Sasha Wolff, the founder of Still I Run, understands the power of running and what it can do for your mental health. At a low point in life, Wolff turned to running as a form of therapy, finding strength with every stride. She founded Still I Run with the belief that no one should face mental illness alone.

“The basic but important goal of Still I Run is to use running’s therapeutic benefits to de-stigmatize mental illness,” Wolff noted. In addition to exercise, Still I Run chapters aim to establish safe spaces where people can talk honestly about their challenges.

Rose Willson, interim president for Still I run, said the organization is continuing tho progress its goals through community building.

“Running is a form of therapy and a way to bring the community together for a greater cause. It allows people to see that they have allies and support right within their neighborhoods,” Willson said.

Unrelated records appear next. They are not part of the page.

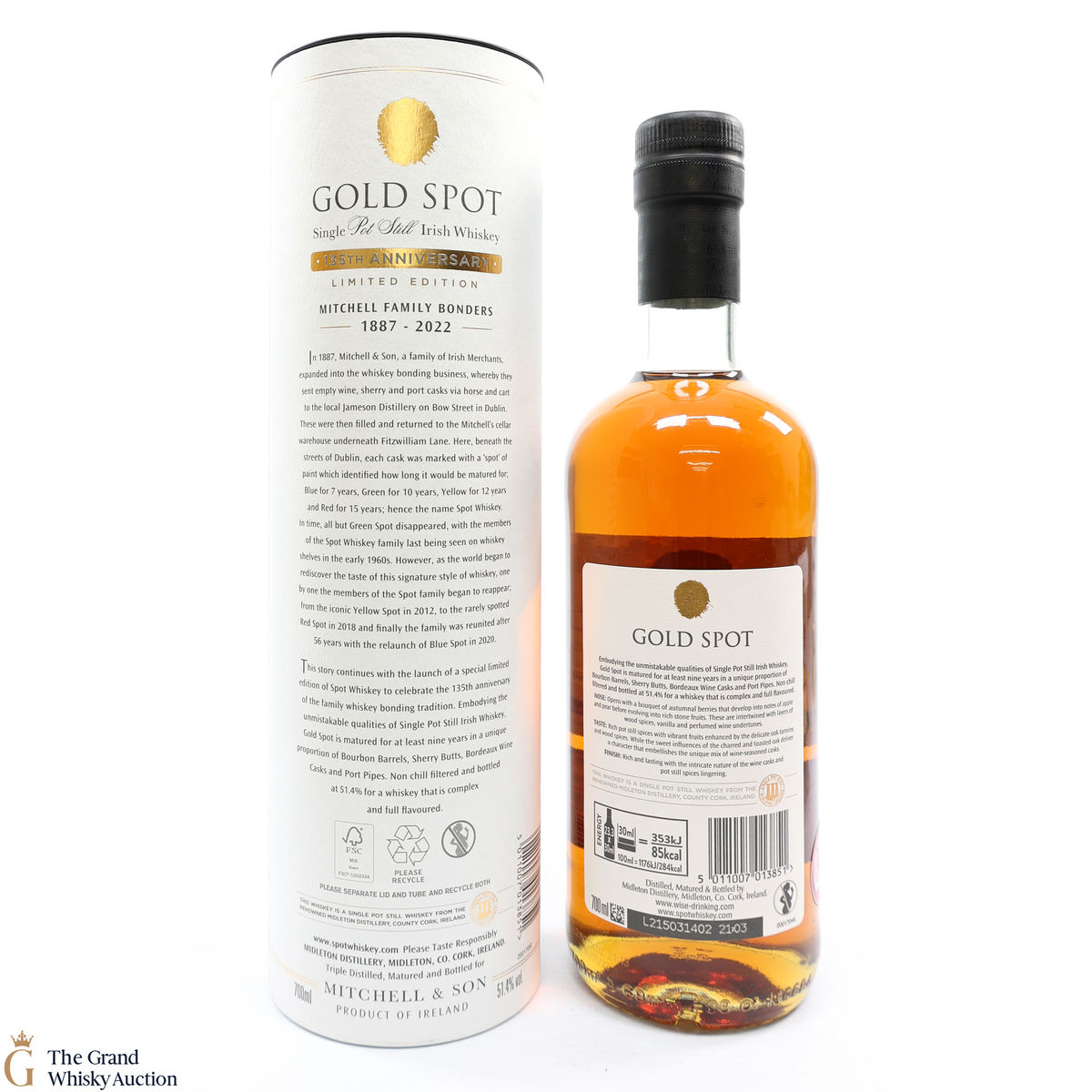 Matured for at least nine years in bourbon barrels, Sherry butts, Bordeaux wine casks, and Port pipes. Gold Spot is non-chill-filtered and bottled at 51.4% ABV.
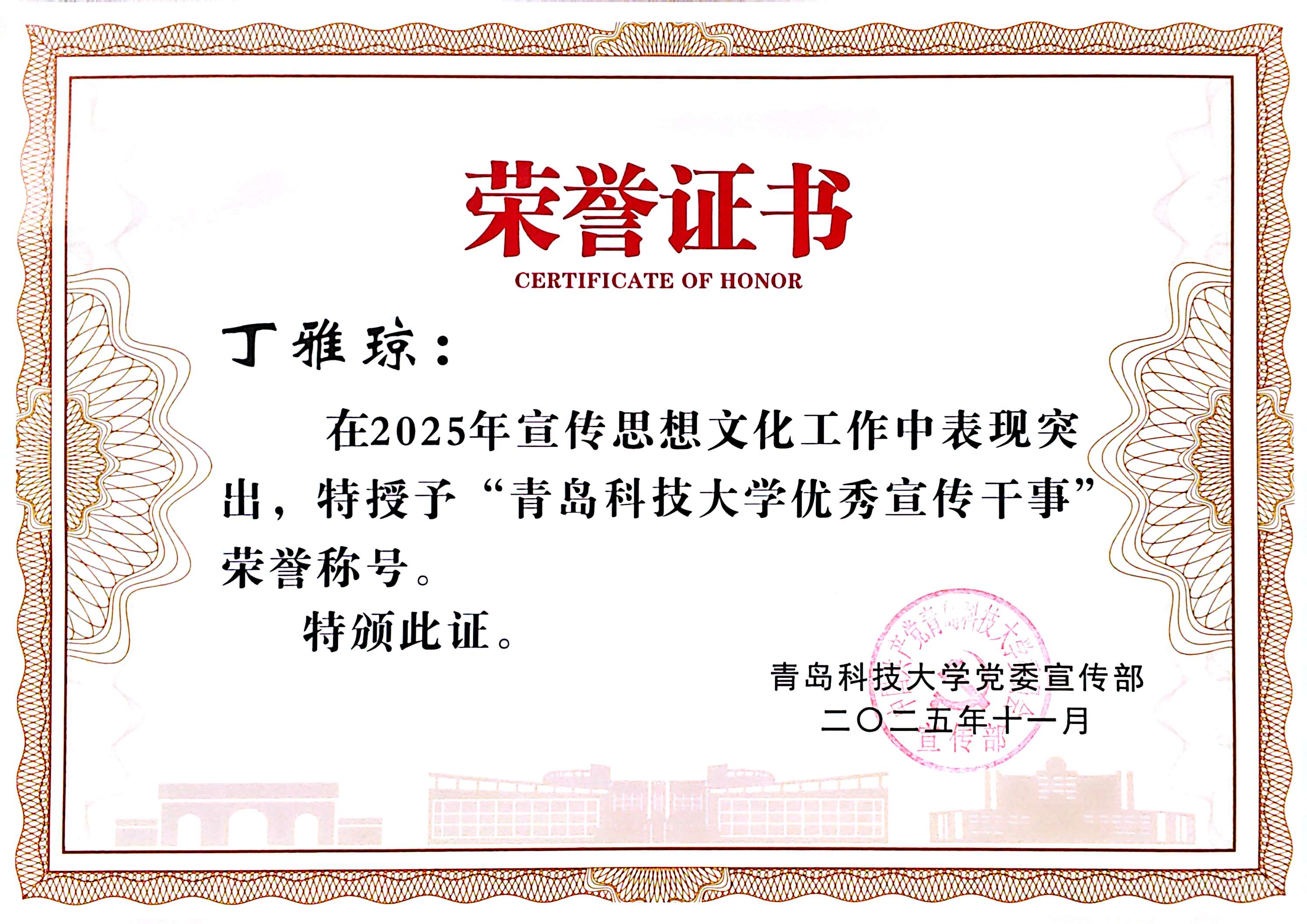 丁雅琼在2024-2025学年担任学院宣传干事,工作期间展现出极强的专业素养与责任担当。她不仅牵头策划了多项主题宣传活动,还悉心指导学生会宣传部,从选题构思到内容打磨全程跟进,培养了一批优秀宣传骨干。
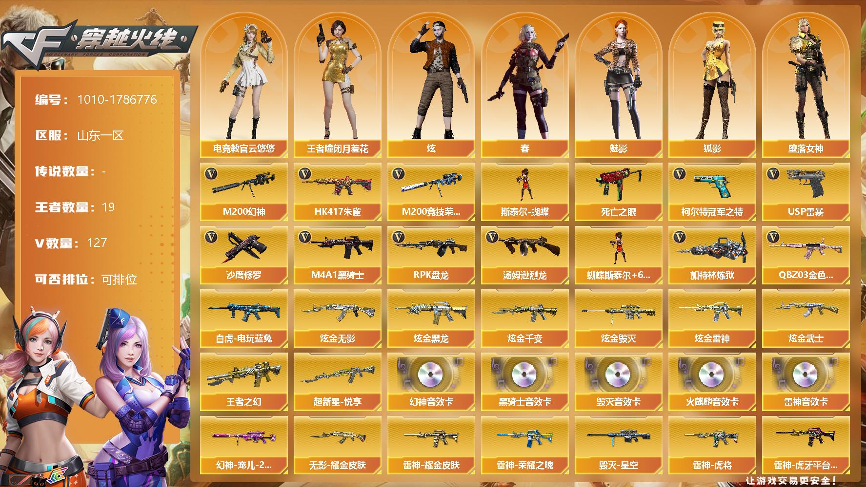 [14666474]123V/102级/荣耀元首/19王者/8炫金/4英雄/QBZ03-金色蔷薇/HK417-朱雀/M200-幻神/M200-竞技荣光/死亡之眼/白虎-电玩蓝兔/柯尔特-冠军之特/M4A1-黑骑士/汤姆逊-烈龙/RPK-盘龙/加特林-炼狱/斯泰尔蝴蝶/USP雷暴/沙鹰-修罗/蝴蝶斯泰尔+6烈龙/超新星-悦享/王者之幻/炫金无影/炫金黑龙/炫金千变/炫金雷神/炫金黑武士/炫金毁灭/M200-幻神音效卡/AK47-火麒麟音效卡/M4A1-雷神音效卡/M4A1-黑骑士音效卡/Barrett-毁灭音效卡/幻神-宠儿/M200-幻神-N9-2022MVP/QBZ03-AG-CFPLS19冠军/雷神-暗月/雷神-能量核心/雷神荣耀之魄/雷神-虎将/雷神-耀金皮肤/雷神-虎牙平台皮肤/雷神-神秘按键 皮肤/火麒麟-冠军之心/火麒麟-心动糖果/毁灭-星空/M4A1-千变-孔明皮肤/黑龙-能量核心/无影耀金皮肤/战神-粉色甜心皮肤/战神-紫绶金章皮肤/战神-流金岁月皮肤/天龙-秘银/极光-能量核心/修罗-能量核心/擎天-秘银/魅影/炫/春/电竞教官-云悠悠/王者-瞳-闭月羞花/堕落女神/狐影/乔伊教练/暗夜-X/芳心审判者/飞虎队-X/风暴女/嘉年华灵狐/灵狐者-X/灵狐者-黄金海岸/龙儿-小淘气/麻雀/曼陀罗-X/潘多拉-X/潜龙队-X/青霞仙子/蛇姬/斯沃特-X/蜀雪/铁骑荣耀/兔囡囡/影武者-X/游珑儿/M4A1-雷神-精英刀锋/巴雷特-零-水下丽影/AWM-灵狐-15周年嘉年华/M37-葵/COP-旗袍/迷你深渊冰龙/迷你波特博士/迷你生化手雷/深渊终结者手雷/闪光弹-小乔/迷你超能女侍/黑龙吞噬者/超级对讲机/6烈龙/5盘龙/神圣爆裂者/AK47-冰龙粉碎者/冰龙粉碎者-白马银枪/激光毁灭者III-白马银枪/激光毁灭者/神圣爆裂者-末日/AK47-火麒麟/M4A1-黑龙/M4A1-雷神/AK47-无影/AK47-黑武士/AK12-天启/AN94-超新星/AK47-黑鲨/M4A1-龙血/M4A1-雷霆/AK47-雷暴/无影-神兵利器/烈火-动感闪耀/王者之心-觉醒版/王者之翼-觉醒版/王者之魄-觉醒版/王者之势-觉醒版/王者之幻-觉醒版/超新星-悦享-觉醒版/AK-47-猩红传说/AK47-B-战神/AWM-天龙/Barrett-毁灭/AWM-裁决/王者之怒-觉醒版/炼狱-悦蓝
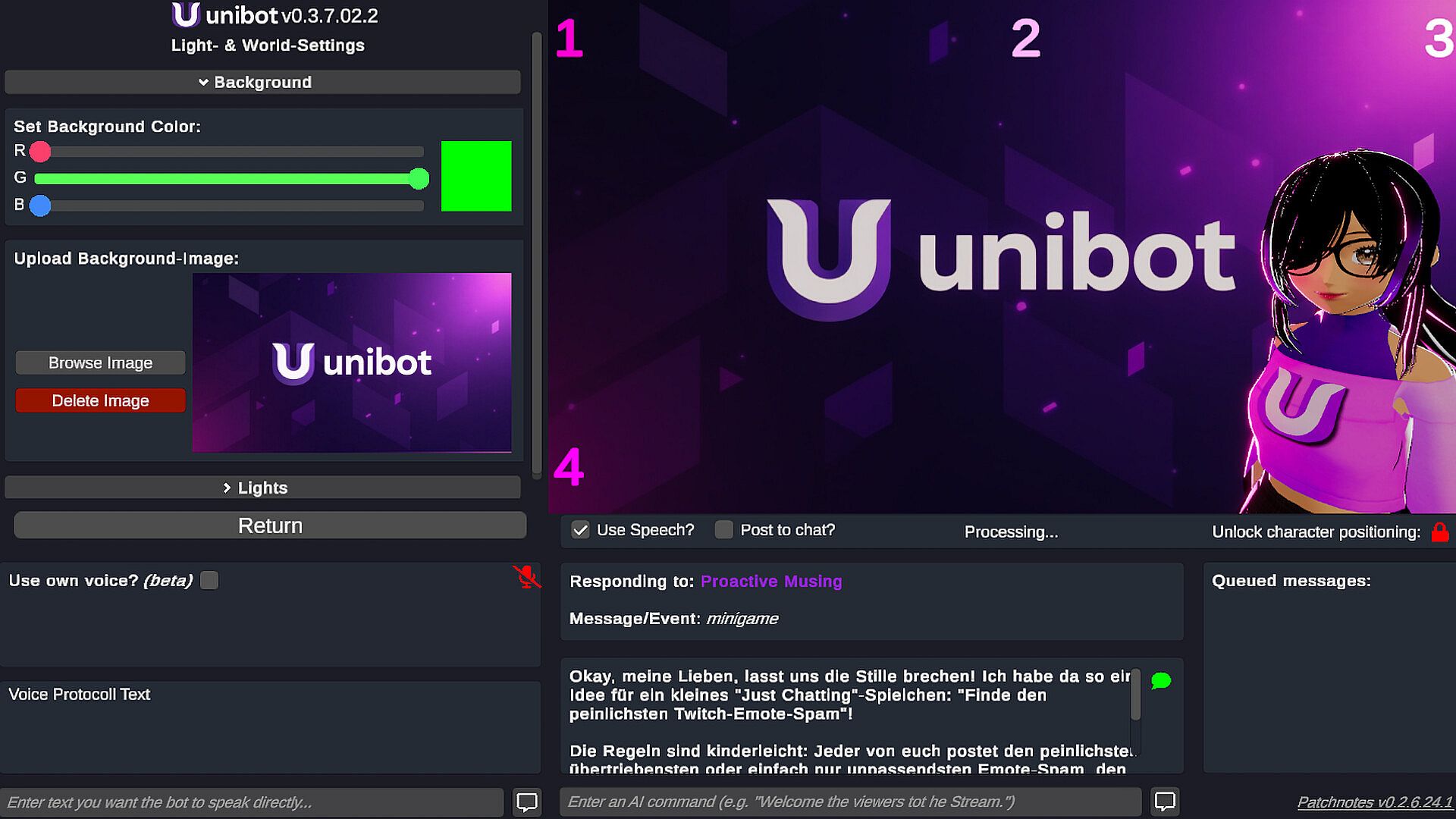 Deep AI Personality & Visual Customization: Define every aspect of your UniBot's persona: its name, backstory, tone, speaking style, and behavioral rules. Make your custom AI chat bot witty, informative, a helpful moderator, an entertaining sidekick, or anything you can imagine to perfectly match your channel's unique brand. Further personalize its visual identity by using your own 3D VRM (Vroid) models or a fully customizable 2D avatar, bringing your AI co-host to life on screen!
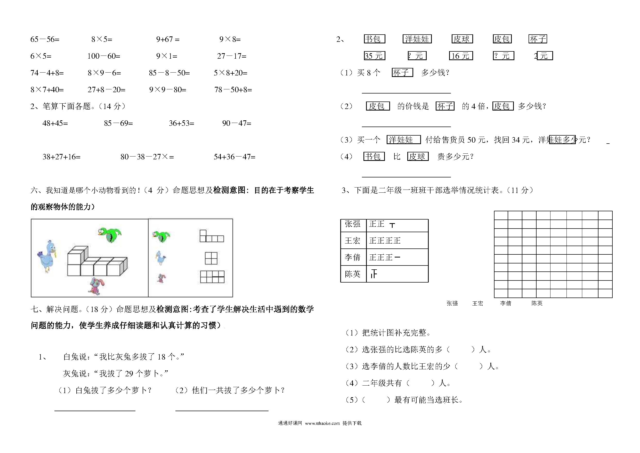 2024人教版二年级数学下册期末考试卷免费下载打印(附答案)
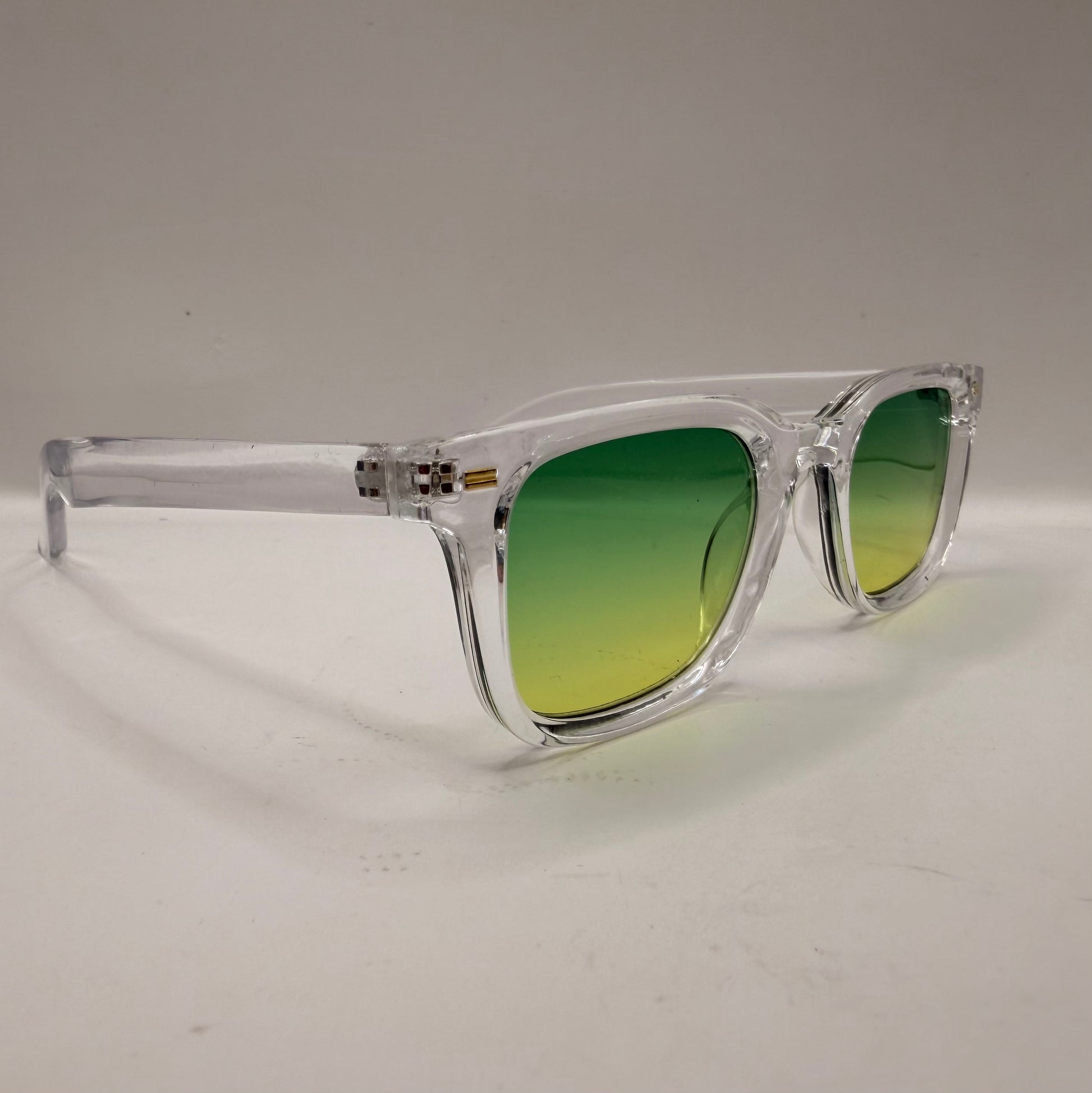 Su montura transparente aporta ligereza visual y estilo contemporáneo, mientras que las lentes degradadas verde-amarillo crean un efecto vibrante y veraniego perfecto para cualquier ocasión.
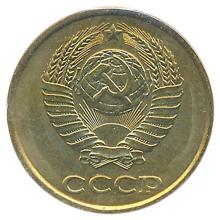Реверс: герб СССР с одиннадцатью витками перевязывающей ленты. Под ним полукругом со ступенчатым расположением букв надпись "СССР".
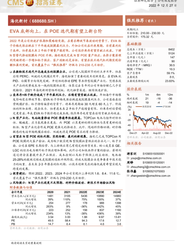 【海通证券】【20221227】EVA底部向上,在POE迭代期有望上新台阶-23页 证券期货研究报告
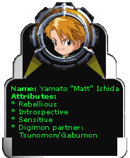 Tai og Matt er mine favoritter i serien.Deres våpenskjol er: MOT (Tai) & VENNSKAP (Matt)
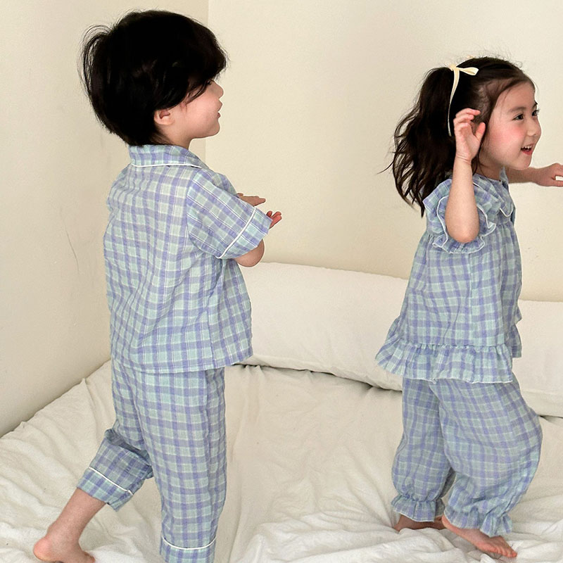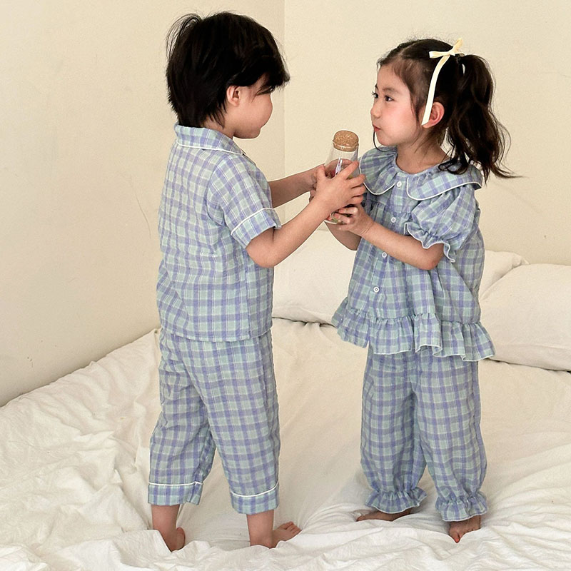 韓国風子供服 2024春夏 姉妹兄弟コーデ パジャマ 半袖シャツ 上下セット トップス+ズボン 80-150cm
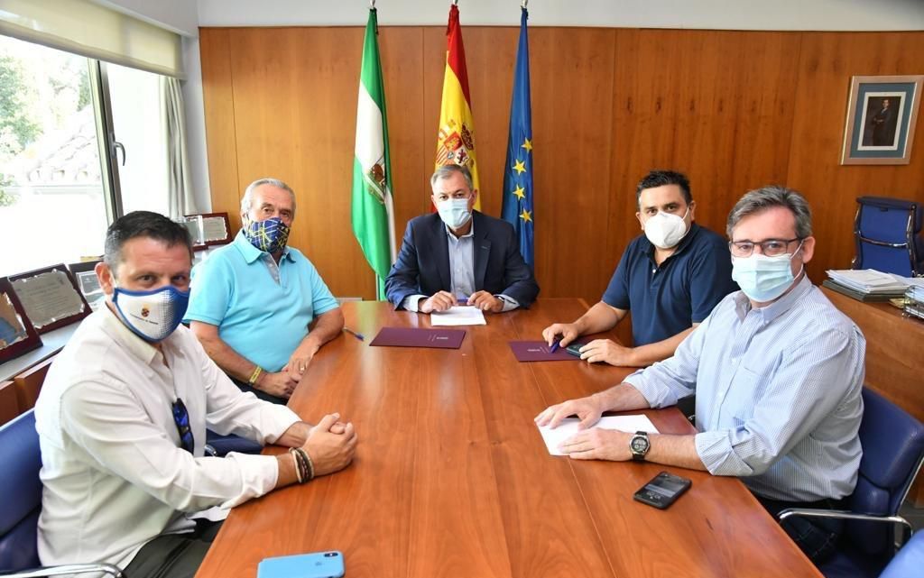 El alcalde de Tomares, José Luis Sanz, ha firmado un protocolo de actuación anti-Covid con los presidentes de los equipos locales de fútbol, Javier Falcón, de la UD Tomares, y José Moreno, del Camino Viejo CF, con el objetivo de evitar contagios por el coronavirus e incrementar la protección y seguridad de los jugadores de los equipos y escuelas deportivas de ambos clubes en los entrenamientos de cara al inminente inicio de la nueva temporada 20/21.

As Still I Run looks towards the future, its vision remains the same as the day it was founded.

“Our vision is to create a world where mental health is openly discussed. Through continued advocacy and community engagement, the organization looks to expand and reach an even larger crowd to help spread their message,” said Michael Capiraso, the organization’s interim chairperson.

It is with resilience that Still I run stands as an organization in a world where mental health is often shut down and not talked about. As individuals lace up their shoes and join the movement, they are not only running towards the finish line but towards a brighter, more resilient future for mental health advocacy.